Personal Finance Series – How to establish your first zero-based budget

TLDR:

Zero-based budgeting allocates every dollar of income to specific expenses or savings categories.

  • Choosing the right budgeting tool is important, consider factors like price, time commitment, bank integration, and customization.
  • A comprehensive budget template should include categories for income, monthly expenses, yearly expenses, savings, giving, fun money, and debt.
  • The article provides detailed guidance on what to include in each category and how to determine planned values.
  • If expenses exceed income, adjustments are necessary. If there’s money left over, it should be allocated strategically, starting with an emergency fund, then debt repayment, and finally long-term savings and investments.
  • Budgeting is an ongoing process that helps achieve financial control and awareness.

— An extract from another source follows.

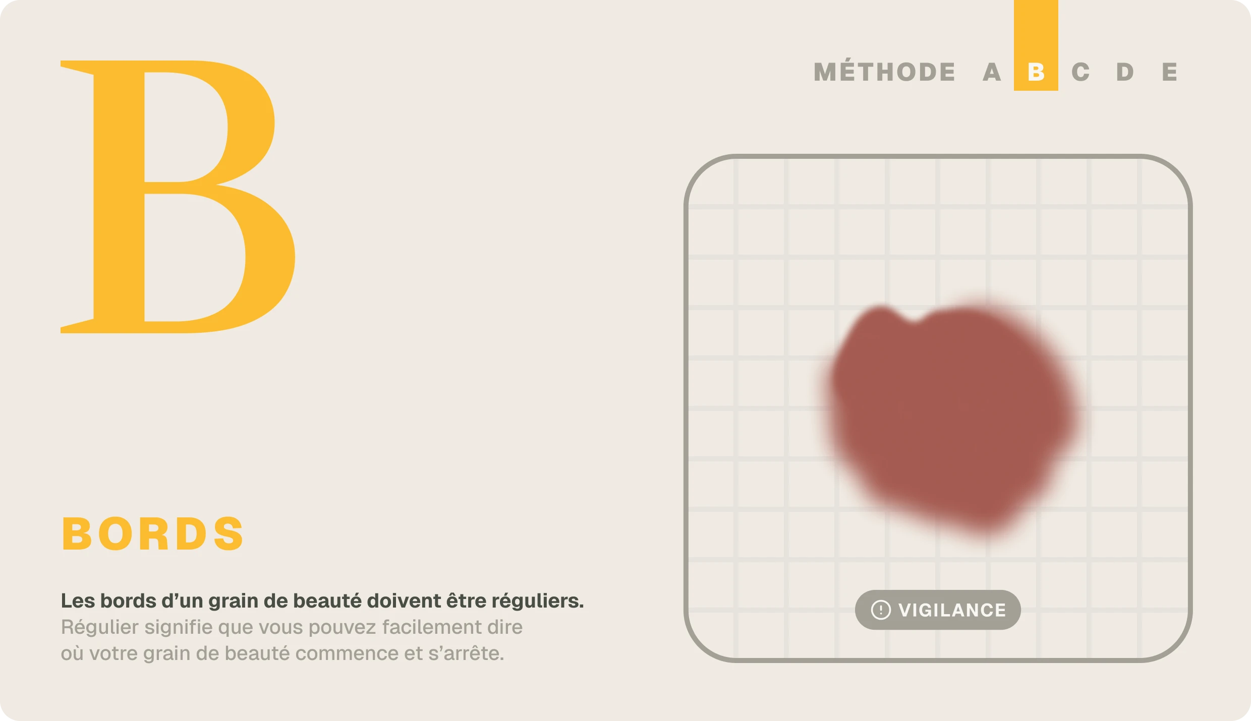 - B comme Bords : Les bords d'un grain de beauté doivent être réguliers. Régulier signifie que vous pouvez facilement dire où votre grain de beauté commence et s'arrête.

Zero Based Budget – Why Zero Based and Tool Selection

Jumping right in: In a traditional budget you would list your income and all your expenses by category, and essentially aim to balance your earning with your spending while leaving some amount left for a general savings. With a zero based budget you ensure to allocate every dollar of income to specific expenses or savings category until you’ve used every dollar of your earnings. Why does this differentiation matter? A traditional budget doesn’t drive down into the details, and therefore doesn’t provide the insight for financial control and awareness needed to be effective in optimizing your spending and savings. In our own journey and now working with clients, we work with zero-based budgets to get folks on track.

The next step to consider is what tool are you utilizing to budget? You can keep it simple and choose something like the pen and paper or envelope method. While these are quick and simple to start, they do take quite some patience to maintain and stay on top of. The next option are zero-based budgetting apps. There are plenty of options out there for this, some we’ve personally used include YNAB (You Need a Budget), Dave Ramsey’s Every Dollar, and our own app Peaceful Mindful Pocket.

Here’s what we recommend considering when picking the tool for you.

Tool Selection Considerations:

1. Price point

YNAB shares that “On average, new YNABers save $600 their first two months, and more than $6000 their first year.”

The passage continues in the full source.